The very first FTP session on the very first run is left alive even if when the program exists

The initial session used to retrieve a file list from remote FTP backup repository, right when backup starts for the first time isn’t properly closed or reused. Or maybe there is some specific reason for that?

I’ll check logs if it’s ever used for anything. I think it’s not. And it’s left open until it times out from the server side. Even backup completion doesn’t close the connection when program terminates. Which is quite strange.

I did run another backup, confirmed. The first session initiated with FTP, isn’t reused or closed.

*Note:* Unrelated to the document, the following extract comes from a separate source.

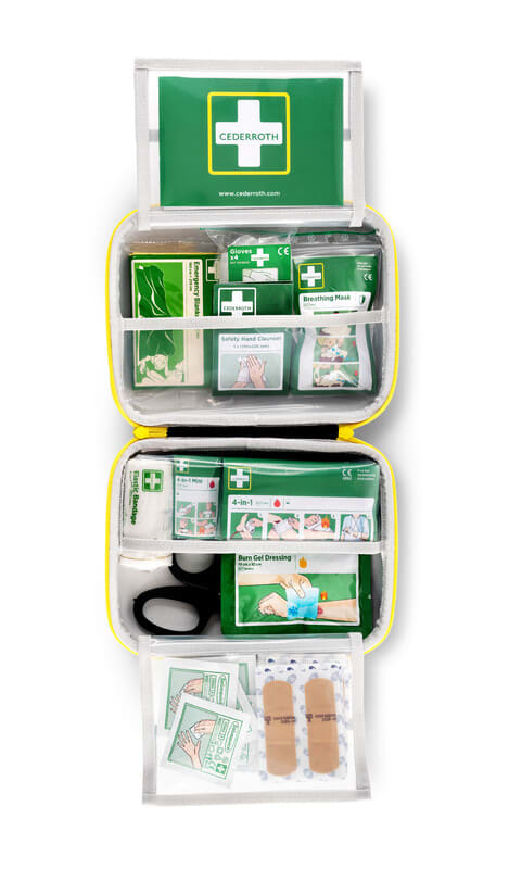 Ensiapulaukku Medium on valmistettu kulutusta kestävästä kumimaisestamateriaalista, joka pitää pölyn, kosteuden ja lian ulkopuolella.Välineet pysyvät puhtaina ja ovat aina käyttövalmiina. Ensiapulaukku Medium on valmistettu kulutusta kestävästä kumimaisesta materiaalista, joka pitää pölyn, kosteuden ja lian ulkopuolella. Välineet pysyvät puhtaina ja ovat aina käyttövalmiina. Tuotteet on pakattu läpinäkyviin muovitaskuihin, jotka antavat selkeän yleiskuvan, ja oikean tuotteen löytäminen on helppoa, kun jokainen sekunti on tärkeä. Merkkivärit vihreä ja keltainen tekevät laukusta jo kaukaa näkyvän. Sisältö: 1 Cederroth 4-in-1 iso ensiapuside 1 Cederroth 4-in-1 pieni ensiapuside 10 Salvequick laastari 6 Salvequick Haavapyyhe 4 Salvequick Maxi Cover laastari 1 Elvytyssuoja 2 Käsienpuhdistuspyyhe 2 paria Suojakäsine 1 Pelastuspeite 1 Elastinen tukiside 1 Cederroth Burn Gel Palovammataitos, 10 x 10 cm 1 Sakset 1 Ensiapuohje Mitat: L 231 x K 190 x S 78 mm
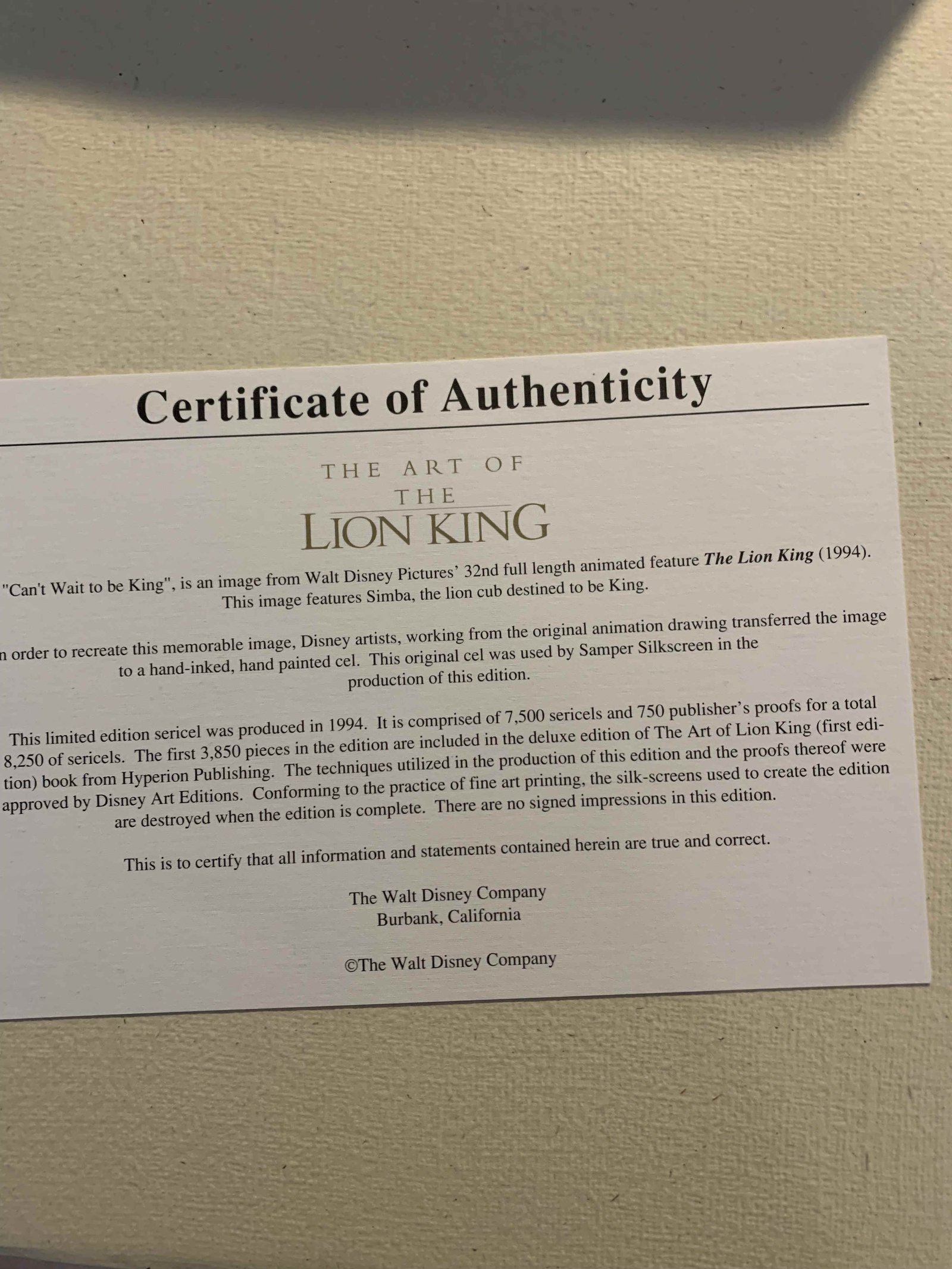 "The Art Of The Lion King" Complete Original set 1 OF 3500 copies,. This SERI CEL is included. The Text is by Christopher Finch.  sign by Director Peter Schneider,  Animation President Don Habn, Producer and Director Rob Minkoff, and Roger Allers.

Yet that seems to be only the case, if the destination path is empty and backup starts from fresh. - It still gives a sloppy impression how the program operates with sessions. Just add the close somewhere. If there’s any data in the backup destination, and it’s not the first run. Then the session isn’t left hanging.

  • Thanks

I can’t reproduce this with FileZilla on localhost. The CreateFolder() method uses requests the same way as all others, and it does close the response. The FTP backend uses the .NET Framework FtpWebRequest which might be buggy. The alternate FTP backend uses a different library (although it seems creating the folder does not work with that one).

Do you mean "" as the destination path or a folder that does not exist yet? I tested a folder that does not exist.

Sure is. That’s an OS thing. What’s your OS, and can you find any connection leftovers on port 21?

and I used an empty destination path set up in GUI, then exported which I suspect is OP’s use case.

I’m testing with CLI on Canary on Windows. If one’s on Linux, the mono FTP might also differ.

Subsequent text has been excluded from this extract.